[extropy-chat] Identity (was: Survival tangent)

John K Clark jonkc at att.net
Tue Nov 7 08:32:08 UTC 2006


"Lee Corbin" <lcorbin at rawbw.com>

> So if it's true that there is an extremely similar (only a trillion or so
> atoms  different with slightly different pattern) copy of you running on a 
> planet
> of Alpha Centauri, it's okay if it or you die?

Yea yea Alpha Centauri, I've been hearing this argument for years. I'll just
repeat a post I sent to the list way back in 1999:

An exact duplicate of the earth, and it's entire ecosystem, is created a
billion light years away. The duplicate world would need some sort of
feedback mechanism to keep the worlds in synchronization, non linear effects
would amplify tiny variations, even quantum fluctuations, into big
differences, but this is a thought experiment so who cares.

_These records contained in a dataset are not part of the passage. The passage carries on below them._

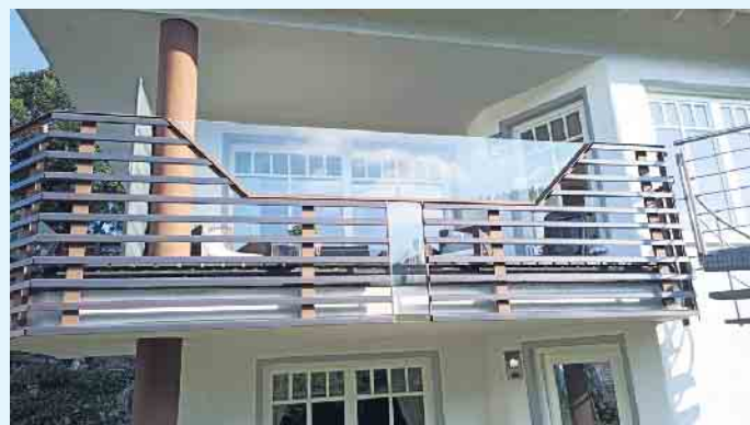
Moderne Balkongestaltung von Tischlerei Holztec

Privatsphäre auf attraktive Art zu schützen. Die Elemente können auf Wunsch als geschlossenes Element, teildurchsichtig mit „Rankschutzgitter“ oder auch in der Kombination mit satiniertem Glas, individuell auf Maß gefertigt werden und dienen natürlich auch als Windschutz. Ein großer Vorteil ist die auf Jahre bestehende Witterungsbeständigkeit bei einem Minimum an Pflege. Alle Kunststoff-Elemente bestehen aus hochwertigstem PVC-Material in verschiedensten Farben und Dekoren. Made im Sauerland. Auch die Gestaltung und Fertigung von Balkongeländern in
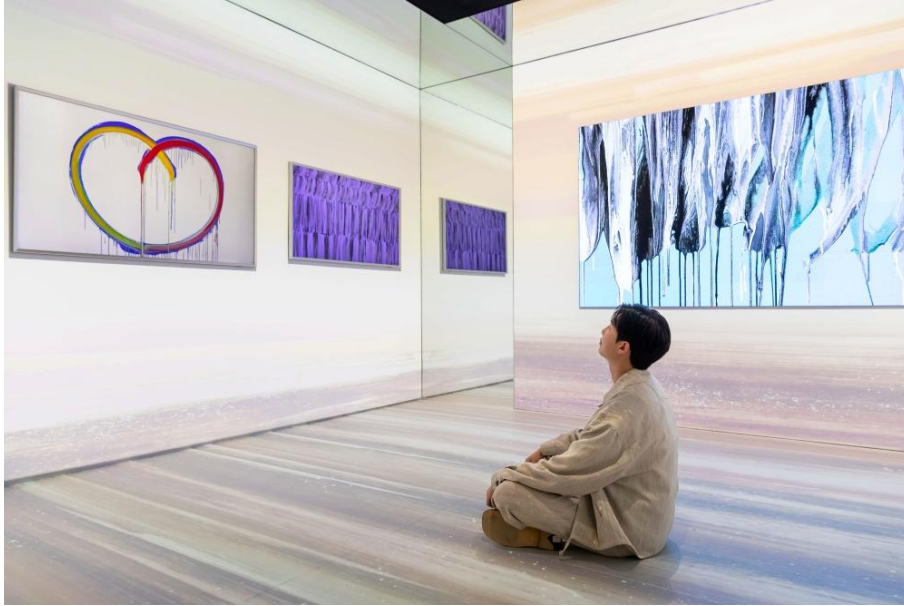
▲ RM 欣賞李健鏞的藝術作品

RM 表示透過三星 Art TV 多元豐富的探索功能與精選藝術收藏，他得以接觸更廣闊的創意世界，進一步激發其創作靈感，並重新思考自身對視覺文化的理解。三星藝術市集讓觀眾跳脫由演算法所塑造的既定喜好與觀看習慣，開啟更具包容性與深度的藝術視野。
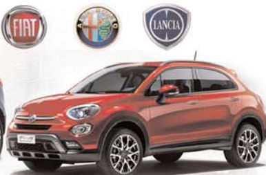
Fiat 500 x

AVDA. LUIS MATEOS, 42 - PARC. 42 B (FRENTE A MICHELÍN) • 09400 ARANDA DE DUERO (BURGOS) • TEL. 947 50 71 44
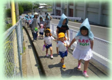
保小交流（保育所・小学校）
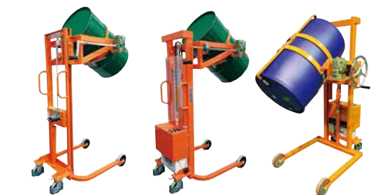
ハンドドラムリフト 電動ドラムリフト 樹脂ドラム用リフト
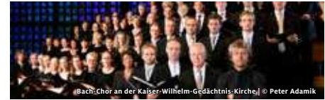
Bach-Chor an der Kaiser-Wilhelm-Gedächtnis-Kirche

STIFTUNG KAISER-WILHELM-GEDÄCHTNISKIRCHE KANTATE-GOTTESDIENST JOHANN SEBASTIAN BACH, KANTATE 31
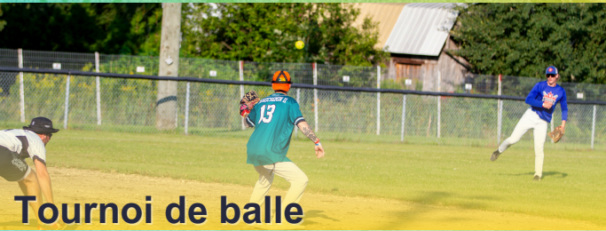
Tournoi de balle
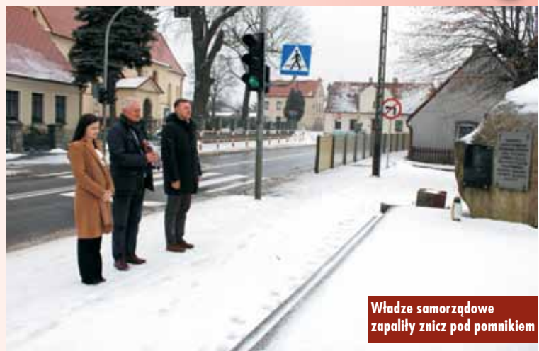
Władze samorządowe zapaliły znicz pod pomnikiem
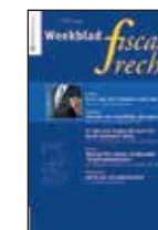
Weekblad Fiscaal Recht
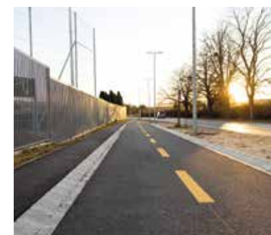
Náriai külső út
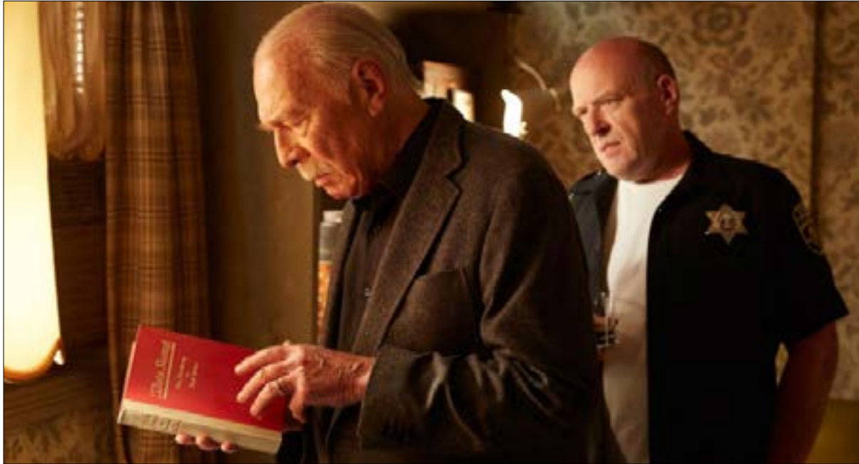
كريستوف بلامر في مشهد من «تذكر»

فيلمه الجديد «تذكر» الذي يعرض حالياً في الصالات اللبنانية، لا ينتمي إلى الكوميديا، لكنه ساخر في نمط التشويق نفسه الذي يتبناه، ومن الدراما والكوميديا ولا معقولة الحياة نفسها التي قد تتجاوز فيها كل هذه الأنماط جنباً إلى جنب وفي اللحظة ذاتها. عبر حساسية التفاصيل التي يرصدها، يلمس الشريط درجة موحجة من الانفعال لدى المشاهد، وأيضاً محيرة إلى درجة يراوح شعوره بين الرغبة في الضحك والبكاء في أن معاً البطل «زف» الذي يلعب دوره الممثل الثماني كريستوف بلامر، يعرّف في دار المسنين في نيويورك إلى «ماكس» الناجي مثله من معسكر أوشفيتز حيث تمت عمليات تعذيب وإبادة اليهود في ألمانيا النازية تحت حكم هتلر. يخبره «ماكس» (الممثل مارتن لوندو) أن قاتل عائلتهما المشترك أوتو فاليش، أحد القادة النازيين

In the first two
cases below the results would vary according to personalities, remember
there's a lot of illogic even in the best of us.

1) I know all about the duplicate world and you put a 44 magnum to my head
and tell me in ten seconds you will blow my brains out. Am I concerned? You
bet I am because I know that your double is holding an identical gun to the
head of my double and making an identical threat.

2) I find out that for the first time since the Big Bang the worlds will
diverge, in 10 seconds you will put a bullet in my head but my double will
be spared. Am I concerned? Yes, and angry as well, in times of intense
stress nobody is very logical. My double is no longer exact because I am
going through a traumatic experience and my double is not. I'd be looking at
that huge gun and wondering what it will be like when it goes off and if
death will really be instantaneous. I'd be wondering if my philosophy was
really as sound as I thought it was and I'd also be wondering why I get the
bullet and not my double and cursing the unfairness of it all.


My (semi) double would be thinking "it's a shame about that other fellow but
I'm glad it's not me".

3) I know nothing about the duplicate world, a gun is at both our heads and
we both are convinced we're going to die. One gun goes off, making a hell of
a mess, but the other gun, for inexplicable reasons misfires. In this case
NOBODY died and except for undergoing a terrifying experience I am
completely unharmed. The real beauty part is that I don't even have to clean
up the mess.

The bottom line is we don't have thoughts and emotions, we are thoughts and
emotions, and the idea that the particular hardware that is rendering them
changes their meaning is as crazy as my computer making the meaning of your
post different from what it was on yours.